Intracellular antioxidant glutaredoxin controls cell proliferation and survival. Based on the active site, structure, and conserved domain motifs, it is classified into two classes. Class I contains dithiol Grxs with two cysteines in the consensus active site sequence CXXC, while class II has monothiol Grxs with one cysteine residue in the active site. Monothiol Grxs can also have an additional N-terminal thioredoxin (Trx)-like domain. Previously, we reported the characterization of Grx1 from Hydra vulgaris (HvGrx1), which is a dithiol isoform. Here, we report the molecular cloning, expression, analysis, and characterization of another isoform of Grx, which is the multidomain monothiol glutaredoxin-3 from Hydra vulgaris (HvGrx3). It encodes a protein with 303 amino acids and is significantly larger and more divergent than HvGrx1. In-silico analysis revealed that Grx1 and Grx3 have 22.5% and 9.9% identical nucleotide and amino acid sequences, respectively. HvGrx3 has two glutaredoxin domains and a thioredoxin-like domain at its amino terminus, unlike HvGrx1, which has a single glutaredoxin domain. Like other monothiol glutaredoxins, HvGrx3 failed to reduce glutathione-hydroxyethyl disulfide. In the whole Hydra, HvGrx3 was found to be expressed all over the body column, and treatment with H2O2 led to a significant upregulation of HvGrx3. When transfected in HCT116 (human colon cancer cells) cells, HvGrx3 enhanced cell proliferation and migration, indicating that this isoform could be involved in these cellular functions.

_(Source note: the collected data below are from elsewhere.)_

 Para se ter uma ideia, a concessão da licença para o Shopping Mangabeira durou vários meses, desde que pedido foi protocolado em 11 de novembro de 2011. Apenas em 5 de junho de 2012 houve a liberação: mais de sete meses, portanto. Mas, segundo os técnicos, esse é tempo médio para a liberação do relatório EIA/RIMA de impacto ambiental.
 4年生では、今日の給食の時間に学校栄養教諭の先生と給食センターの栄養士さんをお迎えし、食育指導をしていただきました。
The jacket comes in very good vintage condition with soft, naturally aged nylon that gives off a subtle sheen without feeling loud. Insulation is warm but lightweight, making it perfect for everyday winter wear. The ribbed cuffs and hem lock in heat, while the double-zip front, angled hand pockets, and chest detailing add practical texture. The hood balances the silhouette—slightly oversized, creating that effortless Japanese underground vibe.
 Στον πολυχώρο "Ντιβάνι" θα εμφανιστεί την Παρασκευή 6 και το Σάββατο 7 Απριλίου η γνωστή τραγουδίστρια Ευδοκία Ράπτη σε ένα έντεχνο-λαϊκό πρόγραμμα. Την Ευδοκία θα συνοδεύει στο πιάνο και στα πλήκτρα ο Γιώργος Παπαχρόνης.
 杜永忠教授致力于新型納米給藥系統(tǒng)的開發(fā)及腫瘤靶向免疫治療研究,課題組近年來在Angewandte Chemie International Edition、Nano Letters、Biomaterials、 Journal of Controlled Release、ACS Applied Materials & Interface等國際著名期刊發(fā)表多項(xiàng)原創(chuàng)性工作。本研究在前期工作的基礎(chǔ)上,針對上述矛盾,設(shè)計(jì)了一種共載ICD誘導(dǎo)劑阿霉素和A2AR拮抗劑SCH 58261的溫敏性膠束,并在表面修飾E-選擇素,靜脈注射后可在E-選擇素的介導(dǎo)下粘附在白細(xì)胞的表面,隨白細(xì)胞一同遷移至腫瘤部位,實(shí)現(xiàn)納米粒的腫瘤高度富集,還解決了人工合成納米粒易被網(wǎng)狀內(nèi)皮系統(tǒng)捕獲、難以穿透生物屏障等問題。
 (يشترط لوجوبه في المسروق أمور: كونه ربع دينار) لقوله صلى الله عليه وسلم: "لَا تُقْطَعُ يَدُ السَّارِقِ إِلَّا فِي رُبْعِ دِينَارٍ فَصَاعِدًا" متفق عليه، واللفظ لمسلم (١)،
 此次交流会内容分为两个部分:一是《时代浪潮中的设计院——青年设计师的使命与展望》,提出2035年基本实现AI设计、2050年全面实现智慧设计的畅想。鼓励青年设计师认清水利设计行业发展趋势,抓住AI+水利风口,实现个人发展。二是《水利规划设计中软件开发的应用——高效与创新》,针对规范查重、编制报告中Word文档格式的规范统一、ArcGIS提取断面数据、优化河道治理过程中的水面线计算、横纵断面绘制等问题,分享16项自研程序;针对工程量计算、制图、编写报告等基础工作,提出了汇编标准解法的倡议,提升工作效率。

These transfected cells also tolerate oxidative stress better.

Abstract Image

从二倍体水螅中鉴定和表征多域单硫醇谷胱甘肽 3。
细胞内抗氧化剂谷胱甘肽控制着细胞的增殖和存活。根据活性位点、结构和保守结构域基序,谷胱甘肽可分为两类。第一类包含二硫代谷胱甘肽,其活性位点序列 CXXC 中有两个半胱氨酸;第二类包含单硫代谷胱甘肽,其活性位点中有一个半胱氨酸残基。单硫醇 Grxs 还可以有一个额外的 N 端硫代毒素(Trx)样结构域。以前,我们曾报道过粗毛水螅的 Grx1(HvGrx1)的特征,它是一种二硫醇异构体。在这里,我们报告了 Grx 的另一种同工型的分子克隆、表达、分析和特征描述,即来自粗毛水螅的多域单硫醇谷胱甘肽毒素-3(HvGrx3)。它编码的蛋白质有 303 个氨基酸,比 HvGrx1 大得多,差异也更大。通过内嵌分析发现,Grx1 和 Grx3 分别有 22.5% 和 9.9% 相同的核苷酸和氨基酸序列。HvGrx3 有两个谷拉糖苷酶结构域,氨基末端有一个类似硫代毒素的结构域,而 HvGrx1 只有一个谷拉糖苷酶结构域。与其他单硫醇谷胱甘肽一样,HvGrx3 也不能还原谷胱甘肽-羟乙基二硫化物。在整个水螅中,HvGrx3 在整个体柱中都有表达,用 H2O2 处理会导致 HvGrx3 的显著上调。转染 HCT116(人类结肠癌细胞)细胞后,HvGrx3 增强了细胞的增殖和迁移,表明该同工酶可能参与了这些细胞功能。这些转染细胞还能更好地耐受氧化应激。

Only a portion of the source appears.